Such a state where the ON and OFF periods temporally overlap each other in the adjacent pixels, that is, the predetermined voltage is applied to one (ON-period pixel) of the adjacent pixels and the predetermined voltage is not applied to the other one (OFF-period pixel) of the adjacent pixels generates so-called disclination, which generates a decrease in lightness of the ON-period pixel. FIG. 17 illustrates an example of the decrease in lightness due to the disclination. FIG. 19 illustrates tones in its vertical direction, and its contrasting density illustrates displayed lightness. When the disclination is not generated, a smooth contrasting density can be expressed. However, when the adjacent pixels display two adjacent tones (such as the 32 and 33 tones) corresponding to a case where the ON and OFF periods overlap each other for a long time, the displayed lightness is decreased due to the disclination, which generates a dark line.

Japanese Patent Laid-Open No. 2013-050681 discloses a drive circuit that divides one or more long sub-frame periods into periods each equal to a short sub-frame period to produce multiple divided sub-frame periods. The drive circuit disclosed in Japanese Patent Laid-Open No. 2013-050681 performs, when phases of bits of tone data corresponding to adjacent pixels are mutually different, a process to maintain their tones and corrects a bit arrangement of the tone data corresponding to one of the adjacent pixels so as to make it closer to a bit arrangement of the tone data corresponding to the other one of the adjacent pixels. This process enables, compared with a case of not dividing the long sub-frame period, shortening the sub-frame period (hereinafter referred to as "an ON/OFF adjacent period") where the ON and OFF periods mutually overlap between the adjacent pixels.

Furthermore, some configurations of the tone data cause a false contour in a displayed motion image. Japanese Patent Laid-Open No. 2013-050682 discloses, as illustrated in FIG. 18A, a drive circuit that divides one frame period into multiple sub-frame periods each corresponding to each bit of the tone data and having a period depending on a weight of the corresponding bit.

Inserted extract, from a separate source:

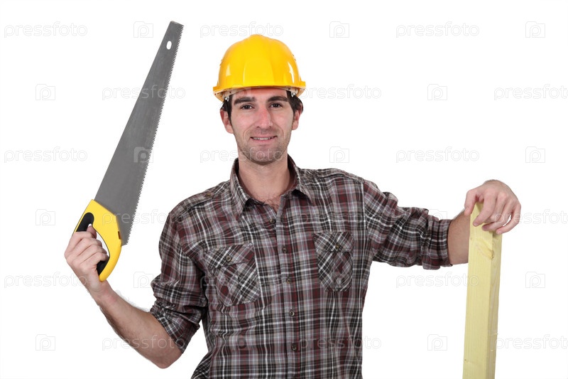 Рабочий с ручной пилой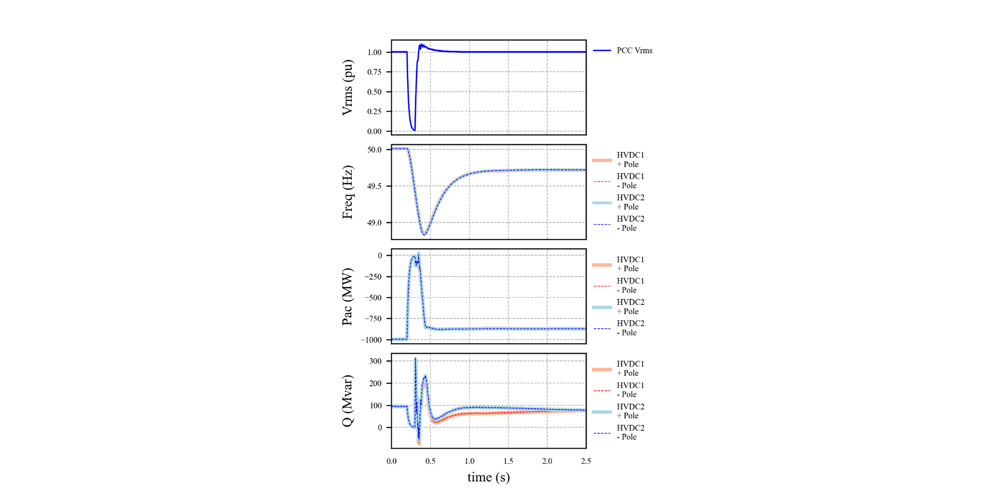 The healthy offshore HVDC converters increase their reactive power injection to the PCC to support the voltage during the fault. The reactive power injected by the three healthy converters flows to the short circuit through the freewheeling diodes of the blocked converter, resulting in very high reactive power absorption (~ 3 GVAR) by the offshore converter of the faulted pole. The voltage quickly recovers after the faulted pole is isolated and the post-fault power transfer returns to 1 GW on the three healthy poles. Note that the post-fault power transfer is the same as pre-fault due to the cross trip of 1 GW of wind generation, that is, the amount of generation cross trip is equal to the initial power transfer on the faulty pole.

The drive circuit disclosed in Japanese Patent Laid-Open No. 2013-050682 further rearranges, as illustrated in FIG. 18B, part of the multiple divided sub-frame periods, which are produced by dividing the one or more long sub-frame periods into the periods each equal to the short sub-frame period, to sub-frame periods different from those before the division in the one frame period. Such a drive circuit enables, since dividing the long sub-frame period into the periods each equal to the short sub-frame period, reducing a generation of a white and black boundary that is generated due to a small difference of tones and exits for a long time, which enables making it difficult that the false contour is generated. FIG. 18C illustrates tone data disclosed in Japanese Patent Laid-Open No. 2013-050682. These tone data includes, using data of 1 bit as a unit, nine data whose ratio of periods is 4:4:4:4:1:2:4:4:4, and combining these nine data enables expressing 32 tones.

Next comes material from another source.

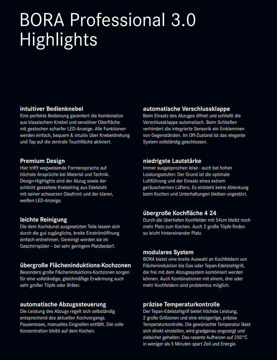 Bora Professional 3.0 Sets Produktbeschreibung • intuitiver Bedienknebel • übergroße Flächeninduktions-Kochzonen • Leistungsstufenanzeige am Kochfeld • variable Warmhaltefunktion • Brückenfunktion • Kindersicherung • Timer Kochzonen • Kurzzeitwecker • Demomodus • Pausefunktion Lieferumfang • Flächeninduktions-Kochfeld PKFI3 • 2 x Bedienknebel • 2 x Verbindungsleitung Bedienknebel • Verbindungsleitung zum Abzug • Bedienungs- und Montageanleitung • Montagelaschen • Höhenausgleichsplattenset • Netzanschlussleitung (1,5m) Zubehör • Grillpfanne für Flächeninduktion KWGPFI Produkt- und Planungshinweise • Montage um 180° gedreht möglich • Beachten Sie, dass bei Induktionskochfeldern induktionsfähiges Kochgeschirr verwendet werden muss • Sorgen Sie unterhalb des Kochfeldes für ausreichend Belüftung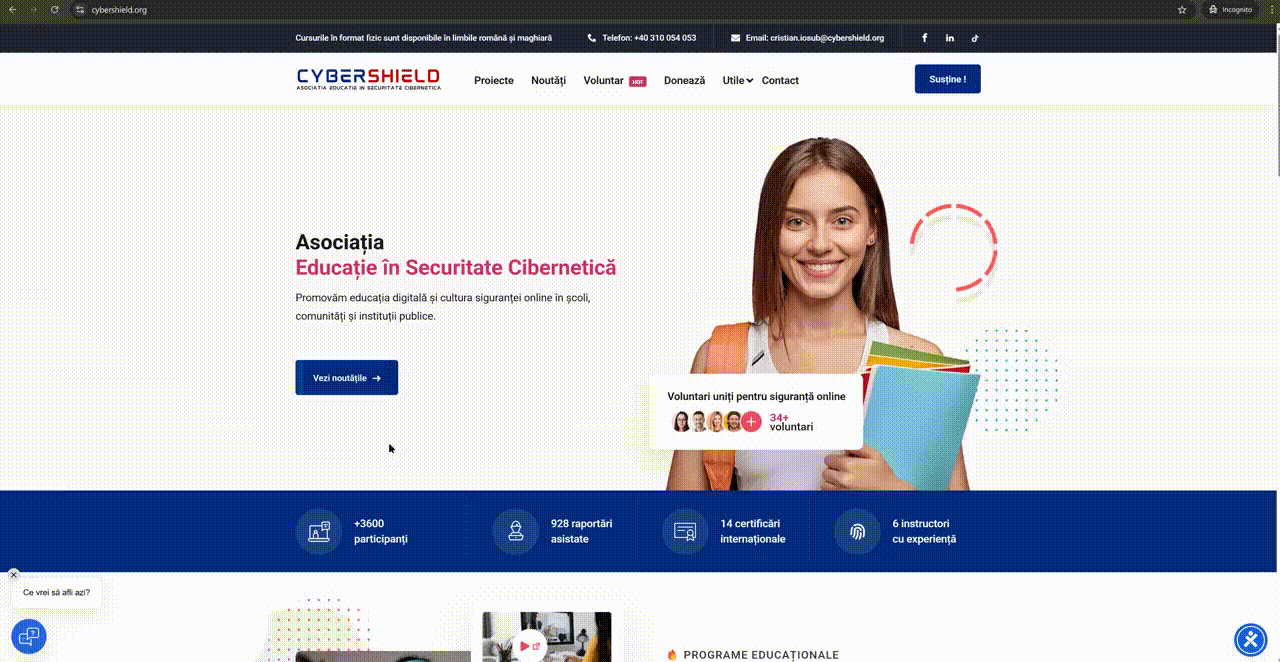 Vizitatorii pot interacționa deja cu asistentul virtual pe cybershield.org și cyberskill.ro, în colțul stânga jos al paginii. Interfața este simplă și prietenoasă, iar conversația se desfășoară în limba română. Utilizatorul poate pune întrebări libere, iar chatbotul răspunde în câteva secunde, oferind linkuri și explicații utile.

However, in the method disclosed in Japanese Patent Laid-Open No. 2013-050681, a shortest ON/OFF adjacent period of the adjacent pixels is too long to ignore the decrease in lightness due to the disclination. Furthermore, in the method, a long ON/OFF adjacent period of the adjacent pixels increases an amount of the decrease in lightness due to the disclination depending on a response speed of liquid crystal molecules.

FIG. 19 illustrates all tone data disclosed in Japanese Patent Laid-Open No. 2013-050681 where an A sub-frame corresponds to a temporal weight of 1+2+4+8 and a B sub-frame is divided into multiple divided sub-frame periods 1SF (SF means a sub-frame) to 10SF each corresponding to a temporal weight of 8. One divided sub-frame period is 0.69 ms. In the tone data, the shortest ON/OFF adjacent period of the adjacent pixels is 1.39 ms that corresponds to two divided sub-frame period. Thus, the decrease in lightness (that is, the dark line) due to the disclination is noticeable.

Furthermore, the drive circuit disclosed in Japanese Patent Laid-Open No. 2013-050682 can reduce the generation of the false contour in the displayed motion image, but cannot reduce a generation of a multiple image. For example, FIG. 20 illustrates a multiple image generated when a single line of 15 tone in the tone data illustrated in FIG. 18C is displayed and horizontally scrolled (moved) in a black background display. To display the 15 tone, a white display in the white display state and a black display in the black display state are switched in the following temporal order: the black display in SF5-1; the white display in SF4-1; the black display in SF5-2; the white display in SF3, SF1 and SF2; the black display in SF5-3; the white display in SF4-2; and the black display in SF5-4. As just described, the white display is intermittently performed three times in the one frame period.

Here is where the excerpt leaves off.